Data supplied:
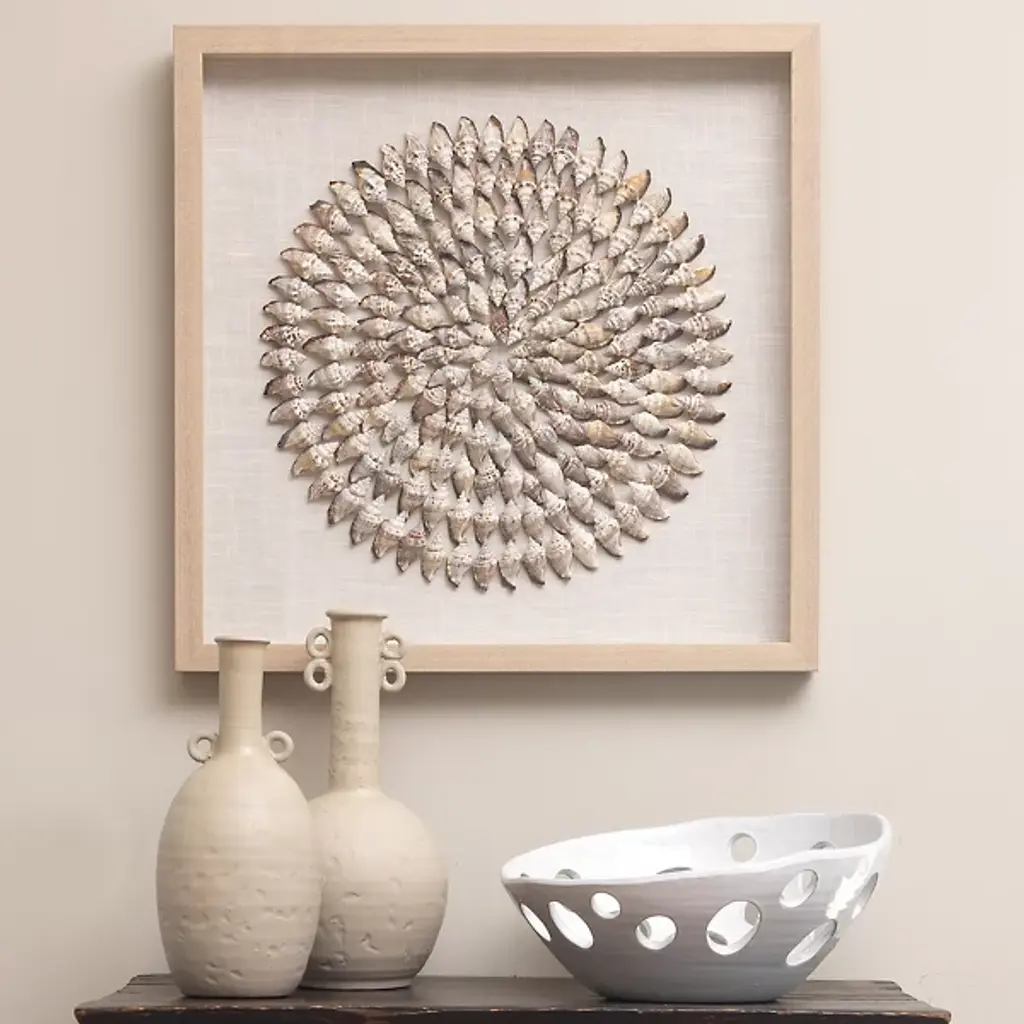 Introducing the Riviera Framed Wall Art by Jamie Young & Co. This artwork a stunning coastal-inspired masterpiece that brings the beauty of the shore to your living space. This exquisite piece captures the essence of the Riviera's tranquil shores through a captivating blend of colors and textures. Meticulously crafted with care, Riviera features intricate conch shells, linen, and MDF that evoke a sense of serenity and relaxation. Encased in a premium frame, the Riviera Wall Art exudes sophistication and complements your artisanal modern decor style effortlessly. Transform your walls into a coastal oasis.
---
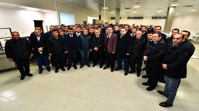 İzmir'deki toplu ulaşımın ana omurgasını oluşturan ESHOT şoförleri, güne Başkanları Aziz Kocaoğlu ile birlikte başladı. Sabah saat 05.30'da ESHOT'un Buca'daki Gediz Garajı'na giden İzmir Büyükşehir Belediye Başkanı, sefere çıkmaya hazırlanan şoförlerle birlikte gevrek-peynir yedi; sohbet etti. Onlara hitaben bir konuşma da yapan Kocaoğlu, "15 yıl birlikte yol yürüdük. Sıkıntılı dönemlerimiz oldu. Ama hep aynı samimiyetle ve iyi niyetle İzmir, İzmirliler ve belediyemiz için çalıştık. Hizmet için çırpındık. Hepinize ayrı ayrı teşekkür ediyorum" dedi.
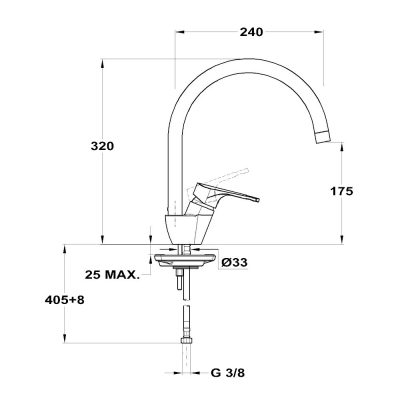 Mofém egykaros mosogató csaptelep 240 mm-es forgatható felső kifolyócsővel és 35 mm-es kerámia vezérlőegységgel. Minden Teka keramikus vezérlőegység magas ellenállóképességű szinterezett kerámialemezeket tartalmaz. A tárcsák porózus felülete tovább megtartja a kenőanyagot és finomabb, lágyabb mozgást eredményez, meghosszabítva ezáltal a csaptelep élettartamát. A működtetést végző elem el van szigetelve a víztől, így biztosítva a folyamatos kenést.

Exercise prompt:
Using the records above, repeat exactly the run of lines that starts with the line with "İzmir'deki toplu ulaşımın" and goes on through the line with "Mofém egykaros mosogató"; omit each picture.

Response below:
 İzmir'deki toplu ulaşımın ana omurgasını oluşturan ESHOT şoförleri, güne Başkanları Aziz Kocaoğlu ile birlikte başladı. Sabah saat 05.30'da ESHOT'un Buca'daki Gediz Garajı'na giden İzmir Büyükşehir Belediye Başkanı, sefere çıkmaya hazırlanan şoförlerle birlikte gevrek-peynir yedi; sohbet etti. Onlara hitaben bir konuşma da yapan Kocaoğlu, "15 yıl birlikte yol yürüdük. Sıkıntılı dönemlerimiz oldu. Ama hep aynı samimiyetle ve iyi niyetle İzmir, İzmirliler ve belediyemiz için çalıştık. Hizmet için çırpındık. Hepinize ayrı ayrı teşekkür ediyorum" dedi.
 Mofém egykaros mosogató csaptelep 240 mm-es forgatható felső kifolyócsővel és 35 mm-es kerámia vezérlőegységgel. Minden Teka keramikus vezérlőegység magas ellenállóképességű szinterezett kerámialemezeket tartalmaz. A tárcsák porózus felülete tovább megtartja a kenőanyagot és finomabb, lágyabb mozgást eredményez, meghosszabítva ezáltal a csaptelep élettartamát. A működtetést végző elem el van szigetelve a víztől, így biztosítva a folyamatos kenést.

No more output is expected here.